== Records for the exercise

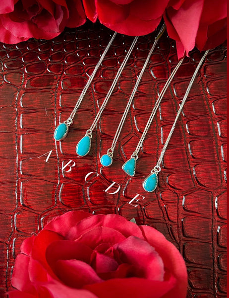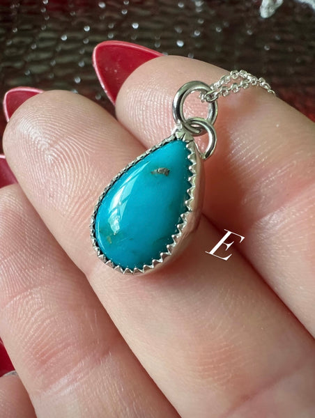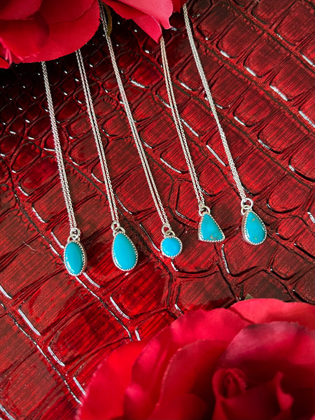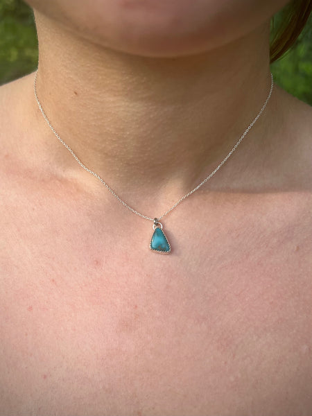 Handmade sterling silver necklace. A petite turquoise set in a serrated bezel setting dangles from a dainty sterling silver chain. The chain is adjustable up to 20 inches. Simply hold the small ball near the clasp and gently pull the chain through the ball to adjust the length of the necklace.
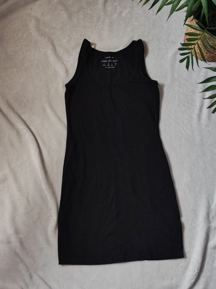 débardeur long noire , comme une mini robe courte. En très bon état ni trous tâches ou déchirures ( à attraper les petits poils de ma couverture et je retrouve pas mon rouleau, attention se ne sont pas des poils d'animaux je n'ai que des oiseaux). Marque primark en taille 32 / XXS
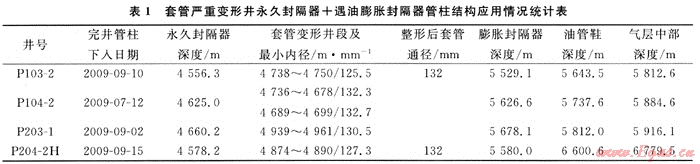 普光氣田套管變形井發(fā)生后,通過普光氣田主體嚴(yán)重套管變形井綜合修井技術(shù)研究,采用井下震擊整形技術(shù)、滾壓整形技術(shù)實現(xiàn)套管擴徑,普光103-2、204-2H井整形后通徑達(dá)到132~134mm,保證小直徑遇油膨脹封隔器下井的要求;2009年7~9月份應(yīng)用外徑130mm遇油膨脹封隔器,采用“永久封隔器+遇油膨脹封隔器”采氣管柱結(jié)構(gòu),先后完成了普光103-2、104-2、203-1定向井、204-2H水平井投產(chǎn)作業(yè)施工,現(xiàn)場應(yīng)用效果較好(見表1),對高含硫嚴(yán)重套管變形井修井投產(chǎn)具有重要現(xiàn)實意義。
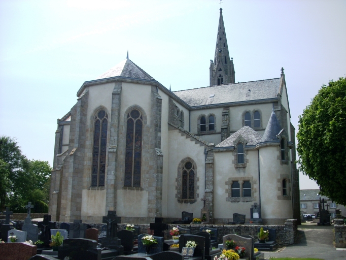 Edifice situé dans un enclos et associé à un cimetière, à un monument aux morts et à une croix monumentale. Sacristie flanquée d´une tour d´angle abritant un escalier en vis comme à Lannilis. Edifice proche de celui d´Hanvec, néogothique (13e siècle), comme Douarnenez et Moëlan-sur-Mer édifiés d'après les plans de Joseph Bigot dans les mêmes années, en collaboration avec son fils Gustave. Etat sanitaire correct mais il existe des problèmes de toiture, qui doit être refaite prochainement. Traces d´humidité sur le mur nord.
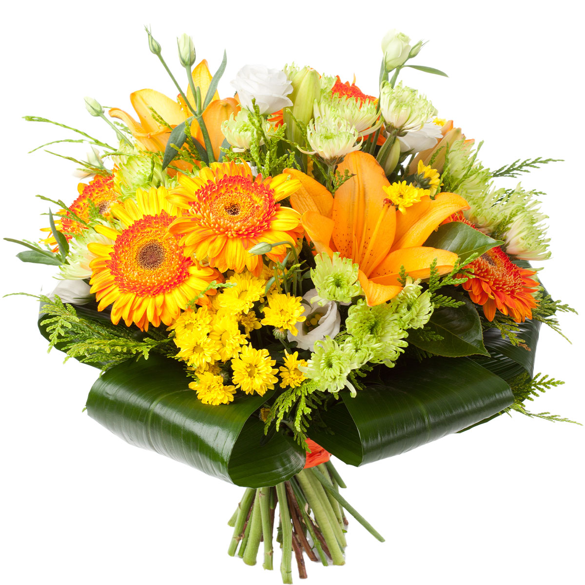 Лилия оранжевая, гербера желтая и оранжевая, хризантема кустовая желтая и зеленая игольчатая, эустома белая, туя, аспидистра. Упаковка (лента, пленка, крафт, сетка, пленка матовая)
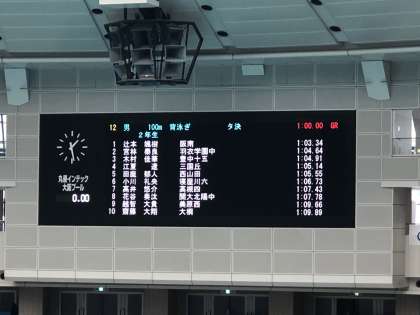 9月5日(土)、丸善インテック大阪プールにて、大阪中学生学年別水泳競技大会が開催され、本校ドリームクラブ水泳部所属、2年生越智さんが、2年生男子100m背泳ぎに出場しました。
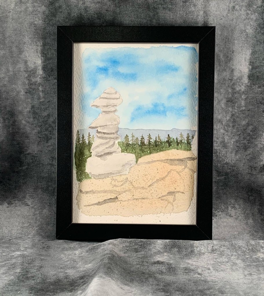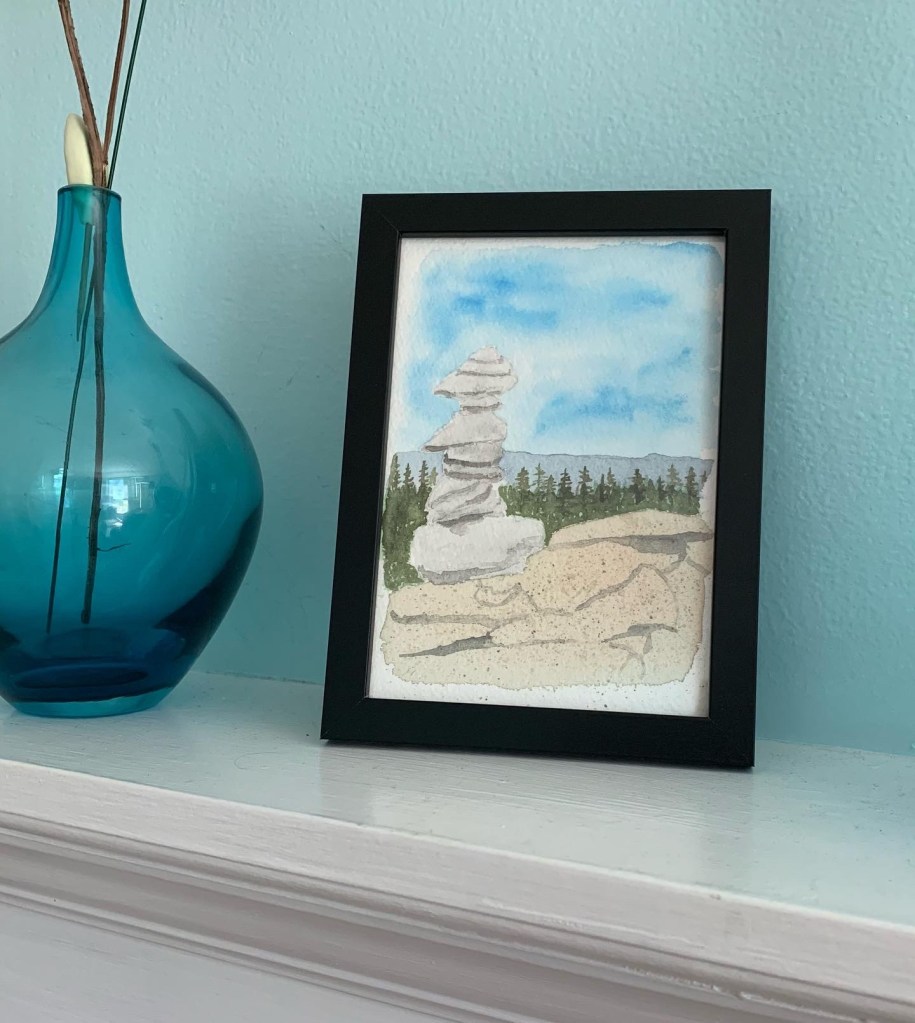 I’m an avid hiker and get a lot of inspiration from the White Mountains. I’m currently working on hiking all 48 of New Hampshire’s 4000 footers. This painting is of the summit cairn on top of Mount Tecumseh, my first 4000 footer! Upon purchase, $5 will be donated to Mount Washington Observatory.

====

Problem requirements: Set down the material above exactly. Skip any picture.

Expected answer:
 Handmade sterling silver necklace. A petite turquoise set in a serrated bezel setting dangles from a dainty sterling silver chain. The chain is adjustable up to 20 inches. Simply hold the small ball near the clasp and gently pull the chain through the ball to adjust the length of the necklace.
 débardeur long noire , comme une mini robe courte. En très bon état ni trous tâches ou déchirures ( à attraper les petits poils de ma couverture et je retrouve pas mon rouleau, attention se ne sont pas des poils d'animaux je n'ai que des oiseaux). Marque primark en taille 32 / XXS
 普光氣田套管變形井發(fā)生后,通過普光氣田主體嚴(yán)重套管變形井綜合修井技術(shù)研究,采用井下震擊整形技術(shù)、滾壓整形技術(shù)實現(xiàn)套管擴徑,普光103-2、204-2H井整形后通徑達(dá)到132~134mm,保證小直徑遇油膨脹封隔器下井的要求;2009年7~9月份應(yīng)用外徑130mm遇油膨脹封隔器,采用“永久封隔器+遇油膨脹封隔器”采氣管柱結(jié)構(gòu),先后完成了普光103-2、104-2、203-1定向井、204-2H水平井投產(chǎn)作業(yè)施工,現(xiàn)場應(yīng)用效果較好(見表1),對高含硫嚴(yán)重套管變形井修井投產(chǎn)具有重要現(xiàn)實意義。
 Edifice situé dans un enclos et associé à un cimetière, à un monument aux morts et à une croix monumentale. Sacristie flanquée d´une tour d´angle abritant un escalier en vis comme à Lannilis. Edifice proche de celui d´Hanvec, néogothique (13e siècle), comme Douarnenez et Moëlan-sur-Mer édifiés d'après les plans de Joseph Bigot dans les mêmes années, en collaboration avec son fils Gustave. Etat sanitaire correct mais il existe des problèmes de toiture, qui doit être refaite prochainement. Traces d´humidité sur le mur nord.
 Лилия оранжевая, гербера желтая и оранжевая, хризантема кустовая желтая и зеленая игольчатая, эустома белая, туя, аспидистра. Упаковка (лента, пленка, крафт, сетка, пленка матовая)
 9月5日(土)、丸善インテック大阪プールにて、大阪中学生学年別水泳競技大会が開催され、本校ドリームクラブ水泳部所属、2年生越智さんが、2年生男子100m背泳ぎに出場しました。
 I’m an avid hiker and get a lot of inspiration from the White Mountains. I’m currently working on hiking all 48 of New Hampshire’s 4000 footers. This painting is of the summit cairn on top of Mount Tecumseh, my first 4000 footer! Upon purchase, $5 will be donated to Mount Washington Observatory.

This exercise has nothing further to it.